Synthesis and structural characterization of N-substituted azoles with potential pharmacological
                                            activities

                                         Shivaji S. Kadam

   The main goal of our study is to synthesize and structurally characterize the N-substituted
azoles. They are indispensable components of many pharmaceuticals and therapeutic drugs. This study
comprises of two main projects: isoquninoline alkaloids and pyrazolopyrazoles.

   The basic skeletons of quaternary protoberberine alkaloids and quaternary benzophenanthridine
alkaloids contain iminium bonds (C=N^+), which are rather sensitivity to the nucleophilic attack
resulting in the formation on covalent adducts - 8-substituted-7,8-dihydroprotoberberines and
6-substituted-5,6-dihydrobenzophenanthridines, respectively. All new compounds were characterized
by using mass spectrometry, NMR spectroscopy, and some of them also by X-ray diffraction. We have
found some interesting trends in the experimental NMR chemical shifts, which were rationalized by
density-functional calculations.

 Scheme 1. Nucleophilic addition of azoles to a quaternary protoberberine skeleton.

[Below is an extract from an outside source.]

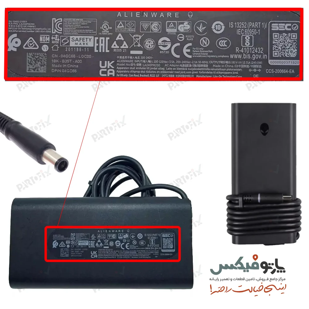 مشخصات شارژر اورجینال لپ تاپ دل 19.5 ولت 12.31 آمپر کانکتور 5.0 * 7.4
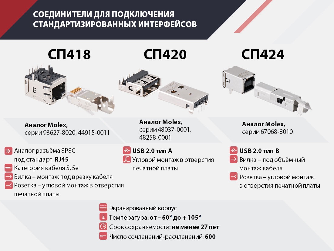 Соединители с цанговыми контактами повышенной эксплуатационной надежности для прямого монтажа в отверстие печатной платы и объемного монтажа методом пайки, предназначены для работы в электрических цепях постоянного, переменного и импульсного токов в радиоэлектронной аппаратуре специального и общепромышленного назначения.

  Substituted purines and purine analogues represent an important group of heterocyclic compounds.
Generally, these compounds can exist in a number of tautomeric forms, which are relevant to any
investigation of their binding modes with biological targets. We have synthesized a series of
variously substituted analogs derived from pyrazolo[4,3-c]pyrazole and investigated their
tautomeric equilibria using model systems of N-methylated pyrazolo[4,3-c]pyrazoles.


Scheme 2. Three tautomeric forms (N1H/N4H, N2H/N4H, and N1H/N5H) of pyrazolo[4,3-c]pyrazoles.